I don’t usually follow trends. I love my big high heeled platforms even when stilettos are in. Bright blue nail polish coats my nails in January when Chanel is pushing a new version of black. Fancy full skirted party dresses are part of my wardrobe when simple skirts are filling the runways. The same goes for food. French fries are better than onion rings, tender filet mignon than trendy flank steak, and plain old PB & J than PB & foie. When it comes to desserts I’ll always love pecan pie and vanilla cake no matter how many cake pops one makes.
But since becoming a blogger, I’ve read a lot of recipes using Biscoff cookie butter. I’ve had the cookies before, but never heard of, let alone tried, the spread. So this time I succumbed to a trend. I bought a jar of cookie butter, even though I had no idea what I was going to do with it.
You might remember my crazy easy microwave peanut butter fudge from awhile ago. It is made in the microwave, and takes only 4 minutes plus chilling. I loved it; I still love it, but I wanted to mix it up, recreate it, do something different. There’s always the obvious almond or sunflower butter or even the possibility of trying chunky peanut butter. But all of those options were too boring and similar to the original.
Then I caught a glimpse of that red lidded jar of Biscoff spread sitting in the pantry just asking to be turned into some amazingly tasty treat. It was destined to become fudge.
Because I’d never tasted, nor baked with Biscoff before, I had no idea if this would work. It looked similar, perhaps a little lighter in color to the peanut butter fudge. The uncooled mixture tasted good. But it had to be chilled to see if the great Biscoff experiment worked. In the meantime I tasted the spread. It smells and tastes just like the cookies it’s made from, with a smooth texture and deep, rich gingerbread-like flavor. I’m not sure if I could spread it on bread like peanut butter, but I’d sure give it a try.
A little more than two hours later, I pulled the fudge from the refrigerator and cut it into pieces.

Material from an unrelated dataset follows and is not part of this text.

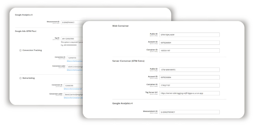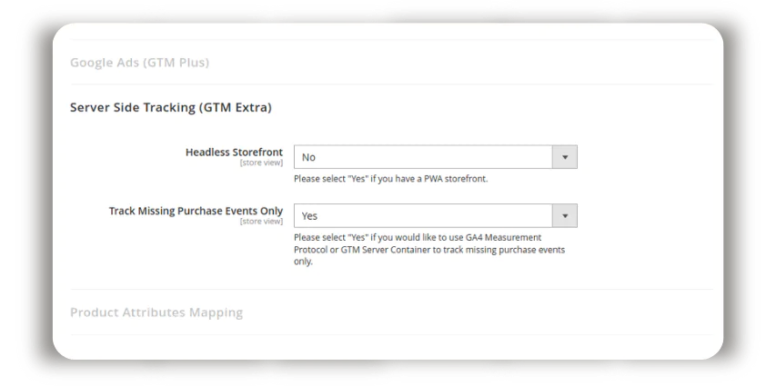 If customers use AdBlockers or don’t accept cookies their purchases are simply missed. This results in inaccurate data reports and ineffective campaigns. Is there a solution? Magento 2 Google Tag Manager enables you to use server-side tracking only for missing orders. You’ll capture every single purchase to leverage your marketing strategies while still using web container tracking. Note: if you use a headless PWA storefront, you’ll benefit from the REST API endpoints our Magento 2 GTM Extension offers for server-side tracking.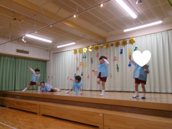 最後のポーズは、とってもかっこよくきまりましたね初めての発表会とは思えないほど、みんな伸び伸びと楽しんでいたように思えましたlaugh衣装もとってもかわいく、保護者席からも「かわいいね~!!」の声が・・・保護者の皆様の温かい御声援ありがとうございましたlaugh続いては、年中ぱんだ組さんです!

It crumbled slightly, but so did the original, so this is okay. It was taste test time. The fudge was bliss in my mouth. Firm, but creamy, the flavor is incredible with that sweet-spicy, but not overpowering gingerbread flavor. It just might be better than the original. Maybe Alton Brown will actually retweet my reinterpretation of his recipe. That would make this the best day ever. And even if he doesn’t at least I still have my trendy Biscoff fudge to comfort me!
You can check this recipe and many other yummy ones out at the Wednesday Cast Party from the Lady Behind the Curtain!Print
- 2 sticks unsalted butter
- 1 cup creamy Biscoff spread
- 2 teaspoons pure vanilla extract
- 1 pound (1 regular size box) confectioners’ sugar
- Put butter and Biscoff in a microwave safe medium-large bowl. Cover with a paper plate. Plastic wrap may alternatively be used, but I didn’t want to put plastic in the microwave. Microwave on high for 2 minutes. Stir to combine before returning to the microwave for 2 minutes more. The mixture will be hot and bubbling. Stir to combine. Then immediately stir in the vanilla followed by the confectioners’ sugar. Stir until mixture becomes thick, stiff, and loses its sheen, about 5 minutes.
- Spread the fudge in an 8-inch square pan lined with parchment paper. Refrigerate for at least 2 hours, and up to 5 before removing from refrigerator and pan and cutting into 64 1-inch pieces, 8 cuts across, 8 cuts down.
- May be stored at room temperature for up to 1 week or frozen wrapped in parchment and foil and placed in a zipper bag for up to 4 months. Thaw at room temperature for several hours.